И Павел остался созерцать все в одиночестве. Слева от него было море. Безбрежное, голубое, с белыми барашками и парусником на полпути между креслом и горизонтом. Пальма вырастала из горшка как раз в том месте, где должна уже быть суша. Павел перевел глаза правее. Фотообои не заканчивались в углу, они перегибались и вползали на соседнюю стену, ту, где было окно, и, если бы не рама, незаметно переходили бы в небо.

Павел повернулся в другую сторону. Буфет он уже видел, осталось осмотреть только правую часть комнаты. Тут стена была покрыта коричневой тканью с тиснением в розы телесного цвета. Из стены торчало бра в виде какого-то зеленого цветка. Ниже красовался бар из бронзы. Из львиных лап вырастали колесики. Едва початые «Дэниеле» и «Уокер» стояли в ряд, «Смирноффа» было уже скорее меньше, чем больше, только уровень бренди вместе с этикеткой тонули в тени.

«Шмудила», – подумал Павел, чувствуя на губах беловатый обжигающий ржаной вкус. В дальнем углу поблескивала мертвая туша, телевизора, под которым размещалось все необходимое: видеомагнитофон, кассеты, CD-плеер и радио. Кончики трех пультов выступали из полки как носки начищенных ботинок. Павел снова посмотрел на буфет. Мысли кружили по комнате вслед за увиденным, то отставая, то возвращаясь на место. Павел потянулся за сигаретой. Взял «Мальборо», но потом воткнул ее обратно. Надпись можно закрыть пальцем, но у «Мальборо» не было золотого ободка, как у его «Марса». Он встал.


Болек вошел в последний момент. Он застегивал брюки, где-то шумела вода. Павел почувствовал, как волосы на голове встают дыбом. Замерев и скосив глаза, он пытался увидеть, что творится сзади.

– Стой! Не шевелись.


– Давно хотел это барахло выбросить. Да здесь половину всего можно повыбрасывать и купить новое. – Он подцепил пальцем картину на крючке.

Рамка стукнулась о стену. Где-то внутри дома заработал лифт.
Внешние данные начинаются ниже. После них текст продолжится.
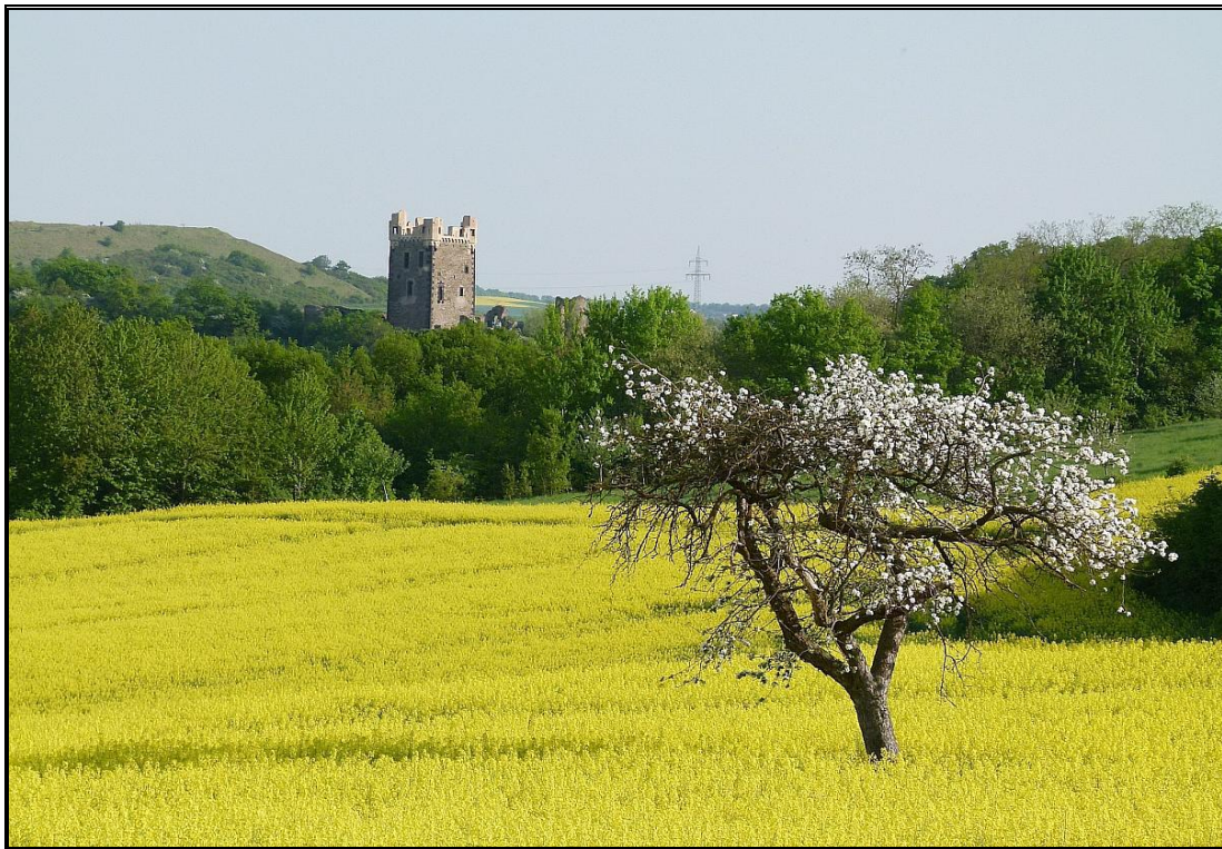
Blick aus Richtung Plaidt auf die „Burg Wernerseck“

(Qu. V. Hontheim, Historia Trevirensis diplomatic; Handschriftliche Quelle: Staatsarchiv Düsseldorf; Ansichten: Museum Köln und Denkmalarhiv Bonn)

Болек еще раз взглянул на мальчика в белом костюмчике с восковой свечой в руке, потом сел на диван и налил:

– Сейчас бы остался без яиц.

– Я хотел рассмотреть поближе, – сказал Павел.

– Вот и рассмотрел. Я забыл тебе сказать, чтоб ты не двигался. С ним только так. Знаешь, сколько я отвалил за дрессировку? За эти деньги можно было бы еще одного такого купить, и еще осталось бы.
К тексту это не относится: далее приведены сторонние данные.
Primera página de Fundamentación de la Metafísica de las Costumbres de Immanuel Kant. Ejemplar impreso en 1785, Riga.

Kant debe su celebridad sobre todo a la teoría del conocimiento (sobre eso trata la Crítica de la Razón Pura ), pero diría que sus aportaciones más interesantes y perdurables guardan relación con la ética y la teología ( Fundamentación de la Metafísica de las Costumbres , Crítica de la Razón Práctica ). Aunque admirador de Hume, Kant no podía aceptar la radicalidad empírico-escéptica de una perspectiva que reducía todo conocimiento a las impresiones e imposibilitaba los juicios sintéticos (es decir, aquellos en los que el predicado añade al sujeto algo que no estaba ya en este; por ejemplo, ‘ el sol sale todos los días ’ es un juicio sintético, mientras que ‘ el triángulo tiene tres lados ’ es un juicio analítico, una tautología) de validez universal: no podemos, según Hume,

Они выпили, и время побежало быстрее. Павел чувствовал, как оно разгоняется и, точно сквозняком, им тянет по квартире, оно течет по лестнице вниз, выливается на улицу, подхватывает всех людей, подобно наводнению, и несет их, они пытаются удержаться на поверхности, но тонут, выплыть удается лишь самым шустрым и одиноким. И он отставил рюмку, а сигарету брать не стал:

– Болек, мне нужны бабки.

Тот посмотрел на него пустым взглядом, таким же пустым, как бутылка на столе, но совершенно трезвым. Отвел глаза и сцепил руки на животе:

– И мне тоже, ты не поверишь…

– Болек, я серьезно.

– Я тоже. Любой делается серьезным, когда речь заходит о деньгах.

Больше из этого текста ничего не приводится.